**Exercise description:**
What are the lines, word for word, from the line with "Publicly Hoya Lover" up to and including the line with "The moment you" in the records below? Omit the pictures.

**Input data:**
::::::

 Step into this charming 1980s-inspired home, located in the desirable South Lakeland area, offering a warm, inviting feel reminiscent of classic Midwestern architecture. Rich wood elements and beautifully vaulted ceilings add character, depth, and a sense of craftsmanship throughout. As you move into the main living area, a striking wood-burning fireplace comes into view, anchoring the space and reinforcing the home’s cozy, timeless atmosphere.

::::::

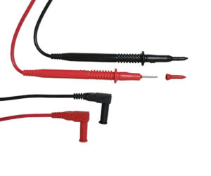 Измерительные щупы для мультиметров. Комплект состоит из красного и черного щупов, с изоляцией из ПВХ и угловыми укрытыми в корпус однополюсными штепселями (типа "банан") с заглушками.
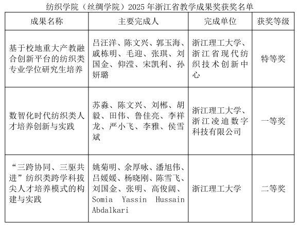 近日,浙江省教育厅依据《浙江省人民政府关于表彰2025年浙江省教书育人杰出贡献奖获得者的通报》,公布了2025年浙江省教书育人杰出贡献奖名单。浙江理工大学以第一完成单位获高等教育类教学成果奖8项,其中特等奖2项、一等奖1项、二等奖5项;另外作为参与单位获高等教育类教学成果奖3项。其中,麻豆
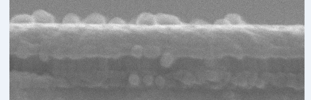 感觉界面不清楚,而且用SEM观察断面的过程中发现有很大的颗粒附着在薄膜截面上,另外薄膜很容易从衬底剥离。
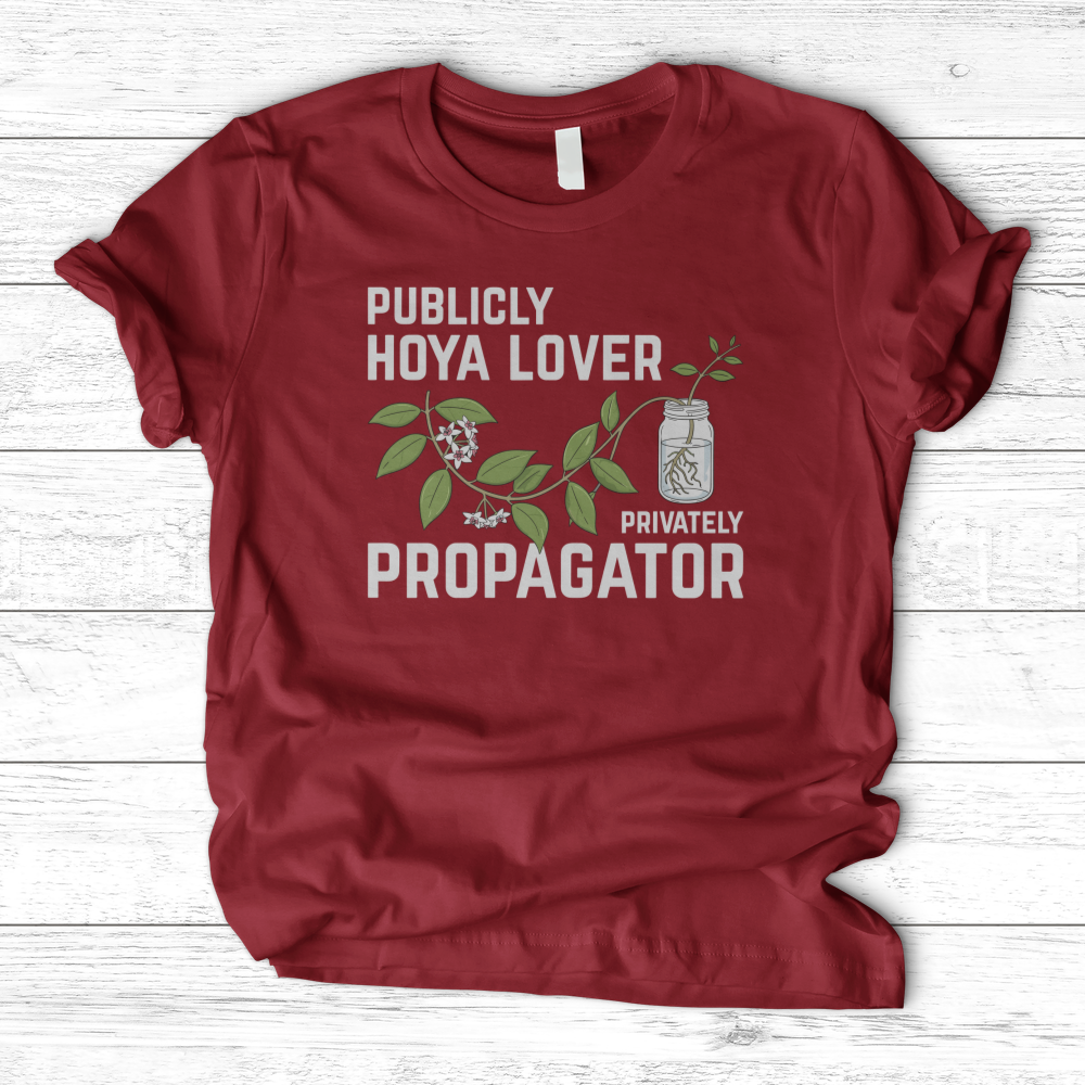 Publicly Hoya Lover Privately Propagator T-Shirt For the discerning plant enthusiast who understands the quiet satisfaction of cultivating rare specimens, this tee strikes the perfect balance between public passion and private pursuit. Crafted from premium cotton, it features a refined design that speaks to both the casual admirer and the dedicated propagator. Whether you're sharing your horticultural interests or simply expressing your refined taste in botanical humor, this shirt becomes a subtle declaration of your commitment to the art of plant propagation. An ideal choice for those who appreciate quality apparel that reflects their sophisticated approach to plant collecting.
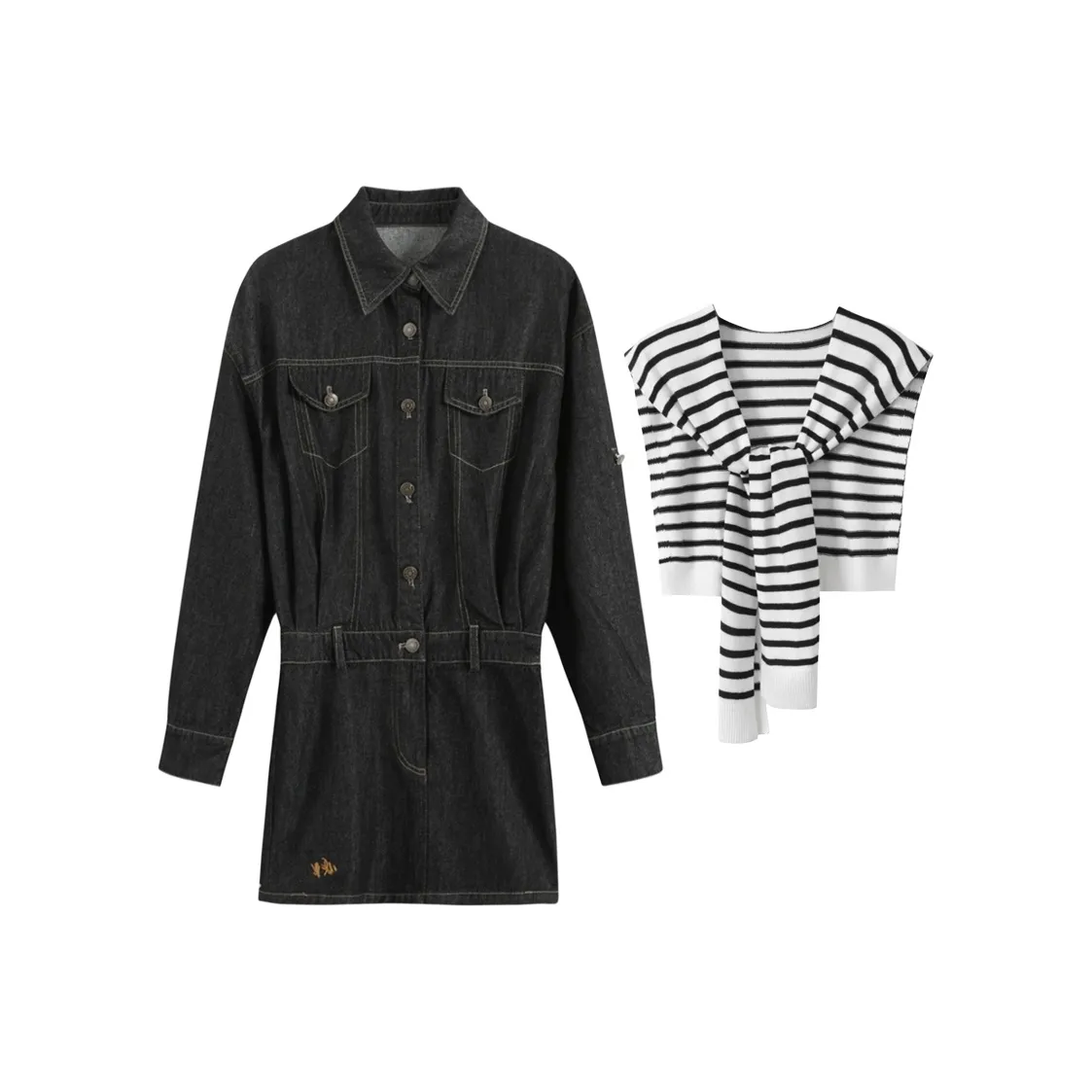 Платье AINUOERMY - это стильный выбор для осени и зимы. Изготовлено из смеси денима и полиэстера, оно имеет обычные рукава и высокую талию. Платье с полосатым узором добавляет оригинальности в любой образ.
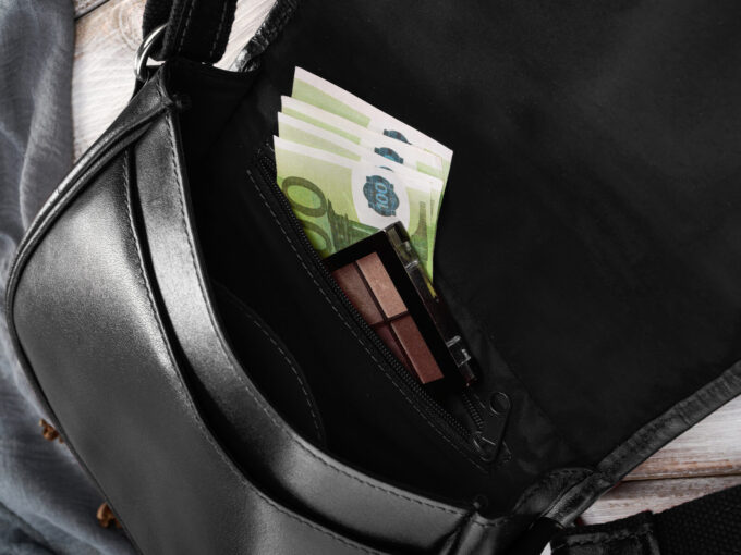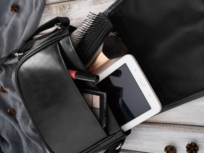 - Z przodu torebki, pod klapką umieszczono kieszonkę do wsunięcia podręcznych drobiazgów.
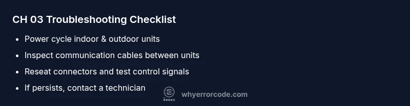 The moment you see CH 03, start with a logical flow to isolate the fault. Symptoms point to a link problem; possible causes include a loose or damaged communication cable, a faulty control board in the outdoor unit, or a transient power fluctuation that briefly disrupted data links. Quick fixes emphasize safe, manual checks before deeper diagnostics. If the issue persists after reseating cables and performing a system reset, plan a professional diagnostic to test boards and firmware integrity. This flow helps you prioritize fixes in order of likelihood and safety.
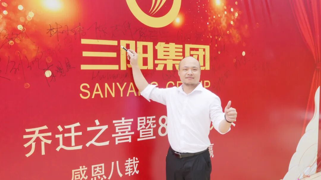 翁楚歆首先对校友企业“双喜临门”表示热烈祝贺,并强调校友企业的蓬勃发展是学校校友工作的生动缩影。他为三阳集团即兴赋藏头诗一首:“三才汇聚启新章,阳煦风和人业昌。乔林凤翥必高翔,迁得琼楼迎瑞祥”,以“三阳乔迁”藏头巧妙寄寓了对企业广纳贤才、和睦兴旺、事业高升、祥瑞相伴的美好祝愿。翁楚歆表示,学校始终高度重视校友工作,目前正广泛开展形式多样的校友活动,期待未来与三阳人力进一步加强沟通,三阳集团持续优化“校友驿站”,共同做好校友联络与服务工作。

::::::

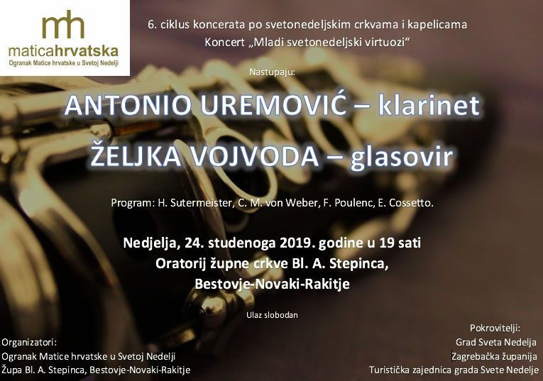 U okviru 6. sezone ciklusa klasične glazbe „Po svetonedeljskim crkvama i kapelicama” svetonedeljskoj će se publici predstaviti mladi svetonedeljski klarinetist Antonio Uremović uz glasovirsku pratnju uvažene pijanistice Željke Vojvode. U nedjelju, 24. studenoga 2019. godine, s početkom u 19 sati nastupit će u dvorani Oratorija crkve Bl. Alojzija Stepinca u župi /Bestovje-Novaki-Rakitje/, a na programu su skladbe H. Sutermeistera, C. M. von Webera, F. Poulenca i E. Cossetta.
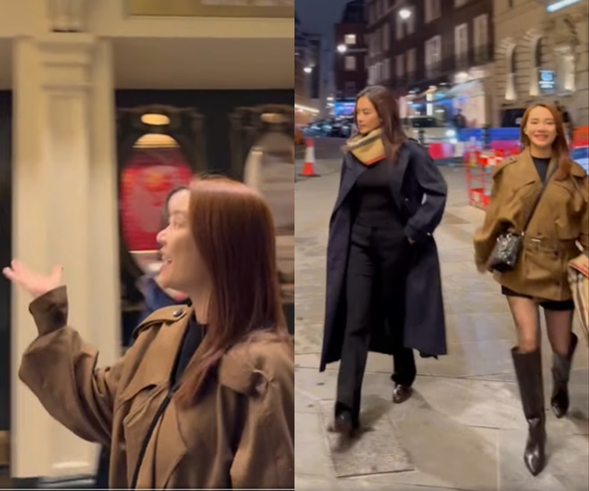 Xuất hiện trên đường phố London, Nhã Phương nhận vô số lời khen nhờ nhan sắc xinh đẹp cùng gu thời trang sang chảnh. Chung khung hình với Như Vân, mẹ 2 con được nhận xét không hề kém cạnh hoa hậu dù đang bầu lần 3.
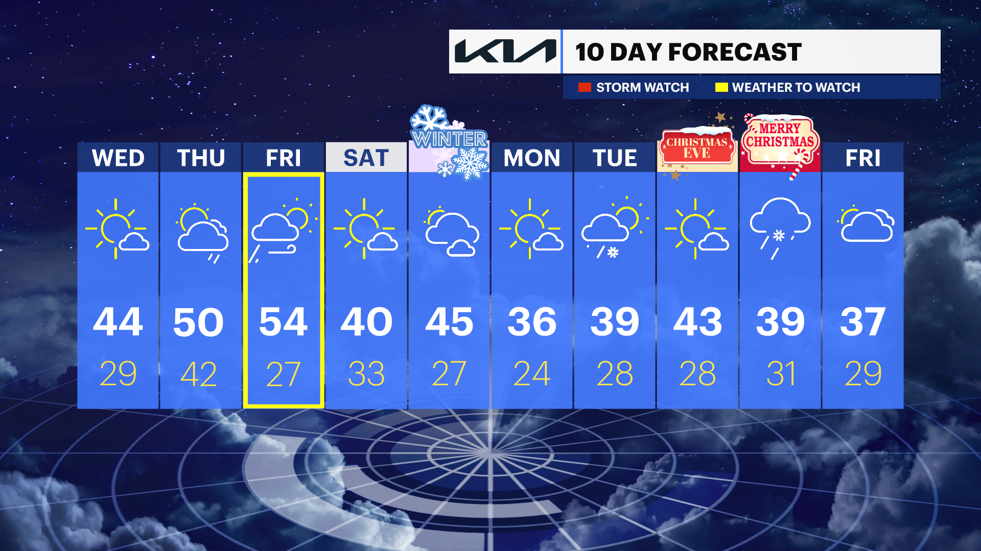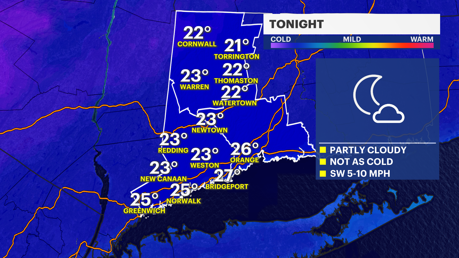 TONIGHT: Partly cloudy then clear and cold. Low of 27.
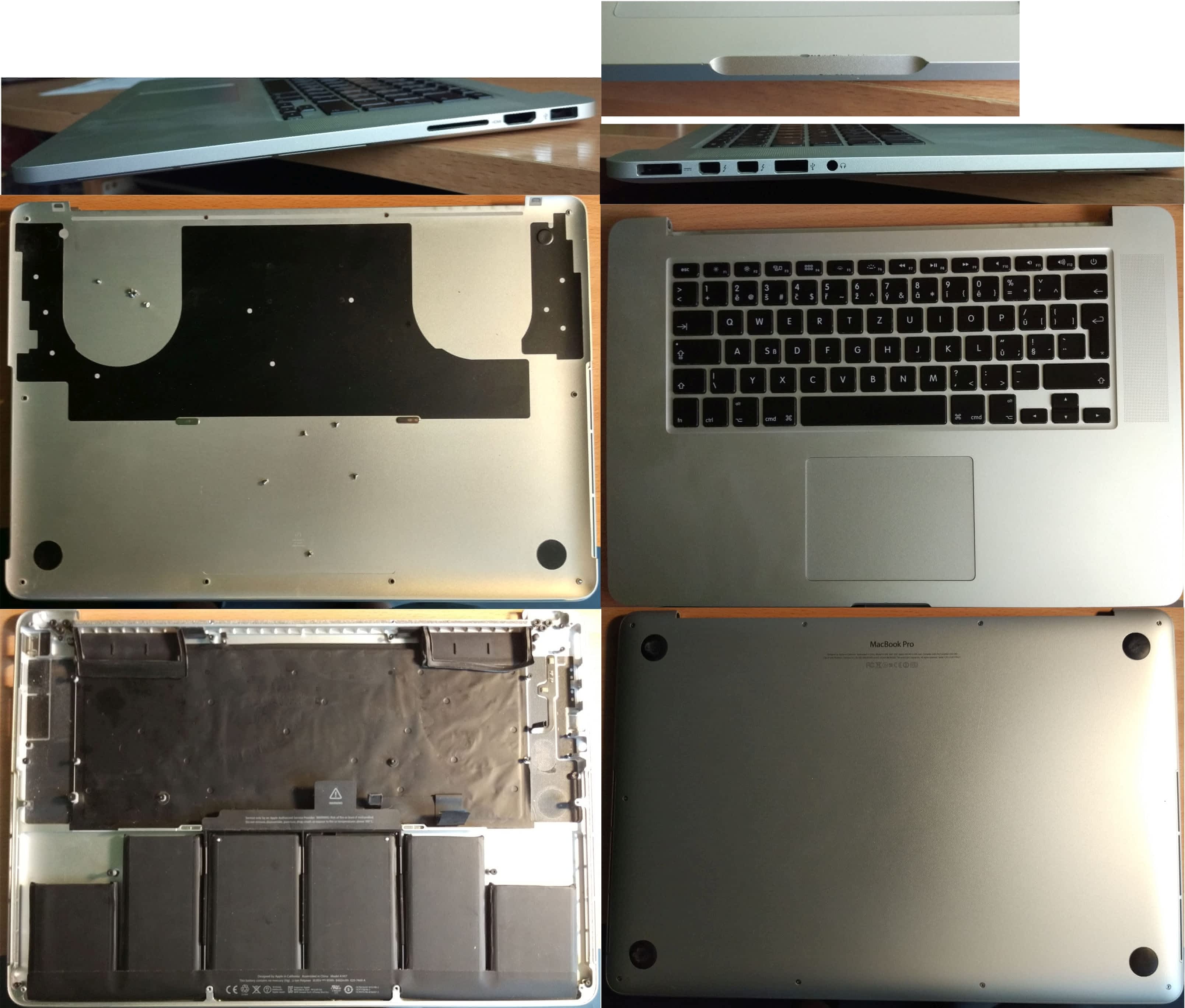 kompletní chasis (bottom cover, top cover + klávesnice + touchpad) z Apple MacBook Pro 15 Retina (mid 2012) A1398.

::::::

**Solution:**
 Publicly Hoya Lover Privately Propagator T-Shirt For the discerning plant enthusiast who understands the quiet satisfaction of cultivating rare specimens, this tee strikes the perfect balance between public passion and private pursuit. Crafted from premium cotton, it features a refined design that speaks to both the casual admirer and the dedicated propagator. Whether you're sharing your horticultural interests or simply expressing your refined taste in botanical humor, this shirt becomes a subtle declaration of your commitment to the art of plant propagation. An ideal choice for those who appreciate quality apparel that reflects their sophisticated approach to plant collecting.
 Платье AINUOERMY - это стильный выбор для осени и зимы. Изготовлено из смеси денима и полиэстера, оно имеет обычные рукава и высокую талию. Платье с полосатым узором добавляет оригинальности в любой образ.
 - Z przodu torebki, pod klapką umieszczono kieszonkę do wsunięcia podręcznych drobiazgów.
 The moment you see CH 03, start with a logical flow to isolate the fault. Symptoms point to a link problem; possible causes include a loose or damaged communication cable, a faulty control board in the outdoor unit, or a transient power fluctuation that briefly disrupted data links. Quick fixes emphasize safe, manual checks before deeper diagnostics. If the issue persists after reseating cables and performing a system reset, plan a professional diagnostic to test boards and firmware integrity. This flow helps you prioritize fixes in order of likelihood and safety.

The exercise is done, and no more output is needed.